Este é um belíssimo documentário sobre William Friedkin, um mestre do cinema, e que foi dirigido pelo diretor italiano Francesco Zippel, que também lançou, em 2022, um documentário, sobre Sergio Leone, que se chama 'Sergio Leone - O italiano que inventou a América'.

'Friedkin Uncut' mostra a trajetória deste que foi um dos mais talentosos, inovadores e importantes cineastas dos EUA no Pós Guerra e que fez parte da chamada 'Nova Hollywood', que revolucionou o cinema produzido no país, os EUA, que transformou a sétima arte em uma grande indústria.

O documentário começa com o próprio Friedkin e Ellen Burstyn comentando sobre 'O Exorcista'. Ele também comenta sobre a sua história de vida.

Friedkin fala sobre a sua origem familiar, que é a de ucranianos de origem judaica que foram para os EUA e viviam em situação de dificuldades, de pobreza, em Chicago.
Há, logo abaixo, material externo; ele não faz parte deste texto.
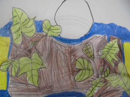 生活科では「みつけたよカード」をかいて,発見や思いを深められるようにしています。1年生はまだ,ひらがなを全部学習していないので,絵を中心にかけるようにしています。しっかりよく見てかけた力作です。葉っぱの形の違いや葉脈,茎の惟色の変化にまでよく気付いてかけています。
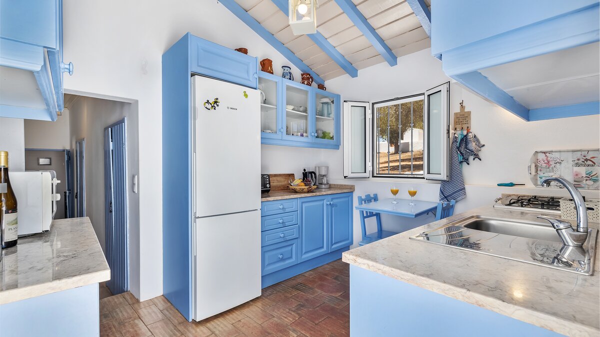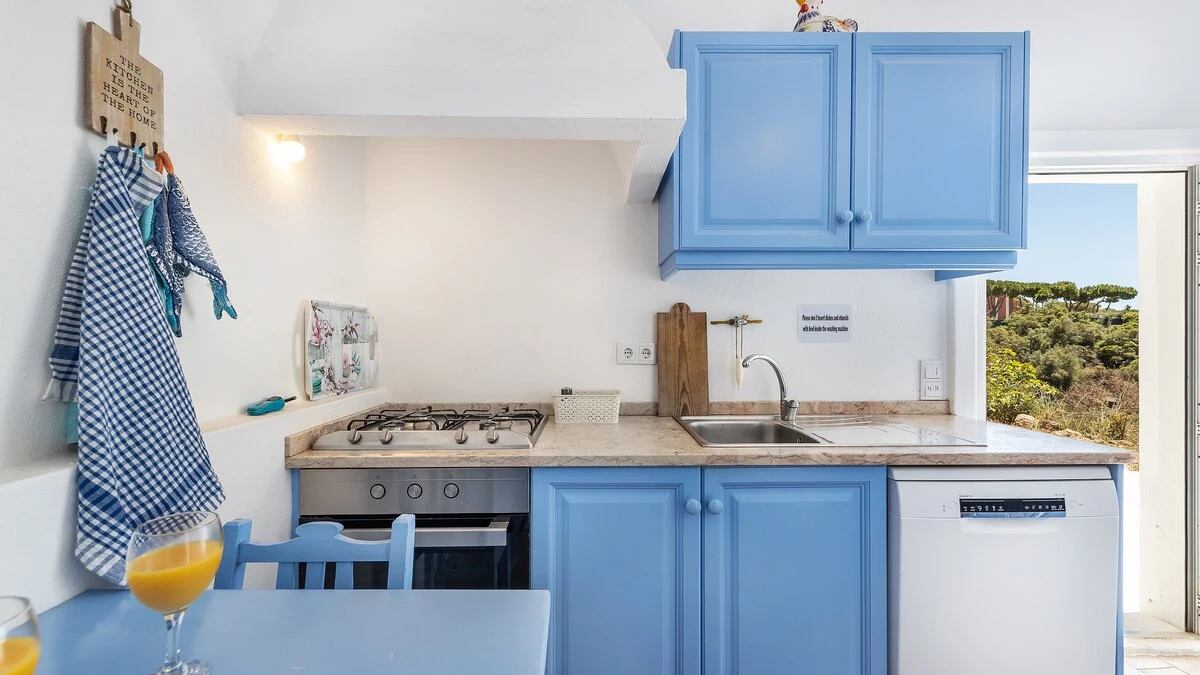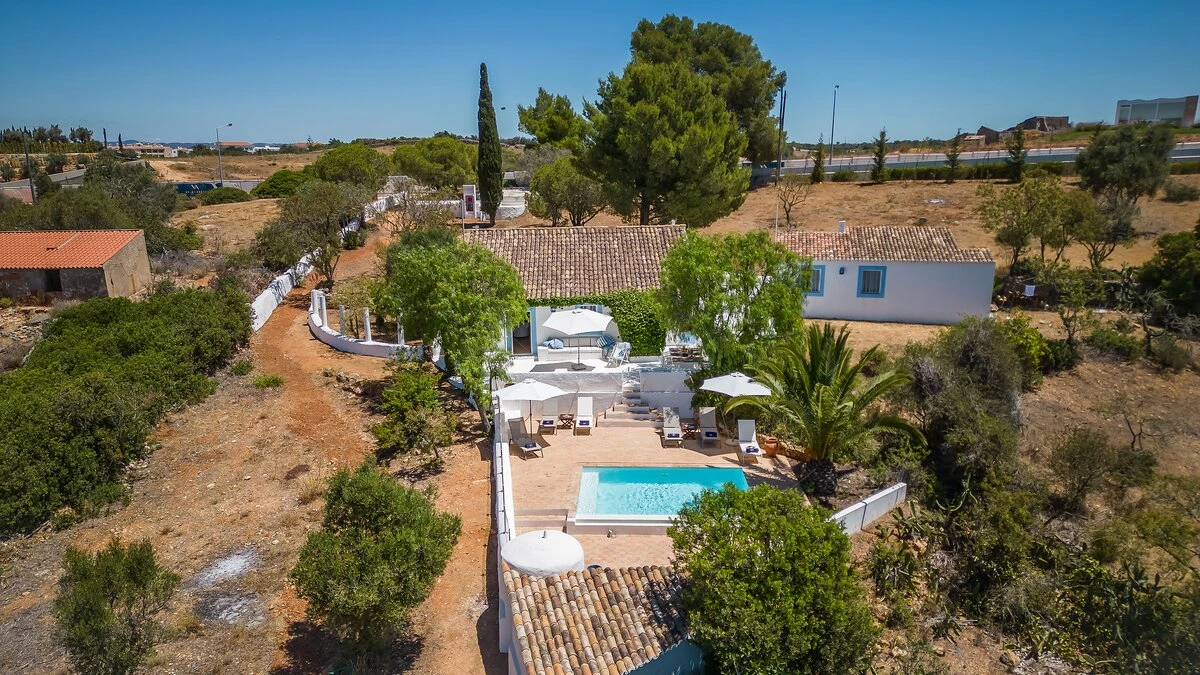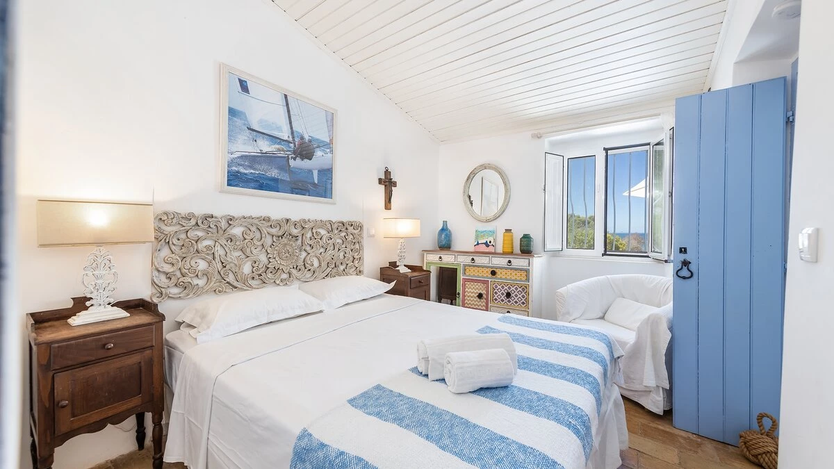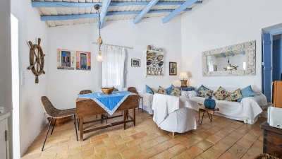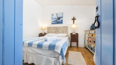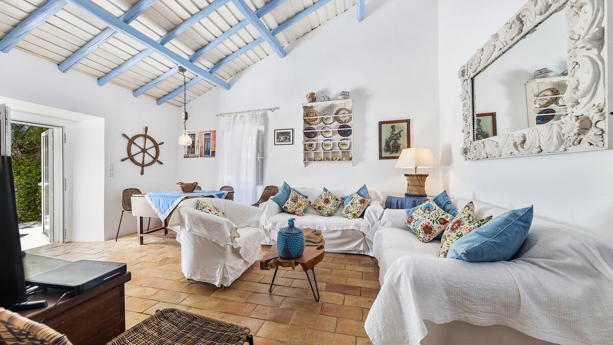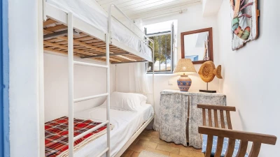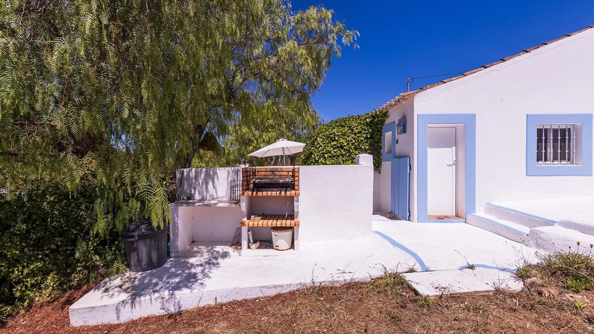 From its painted roof rafters to its cool tiled floors, there’s a real ‘beach house’ feel to this airy little villa. Furnished throughout with enchanting simplicity, in a crisp colour palette of blue and white, the single storey villa has two or three steps linking rooms in its split-level layout. Equally ideal for family or friends, the cottage has one double bedroom and two singles and a bunk bedroom; a country-style kitchen with modern appliances; and a lovely living room forming the heart of the house, with a dining area, comfy sofas and satellite TV. A door opens out from here to the sunny and spacious terrace, with enticing views of the Atlantic Ocean and Arade River mouth, deck chairs set sleepily under tree shade, and a big dining table for leisurely lunches or starlight suppers.

Depois ele foi trabalhar em uma emissora de TV da cidade e, tempo depois, passou a trabalhar em séries da emissora.

William Friedkin, um dos grandes mestres do cinema contemporâneo.

Em 1962, Friedkin chegou a dirigir um documentário que provou a inocência de um homem negro, chamado Paul Crumb, que estava preso e se encontrava no corredor da morte. E foi graças ao seu filme que Paul Crumb foi inocentado e libertado pelo governador de Illinois. 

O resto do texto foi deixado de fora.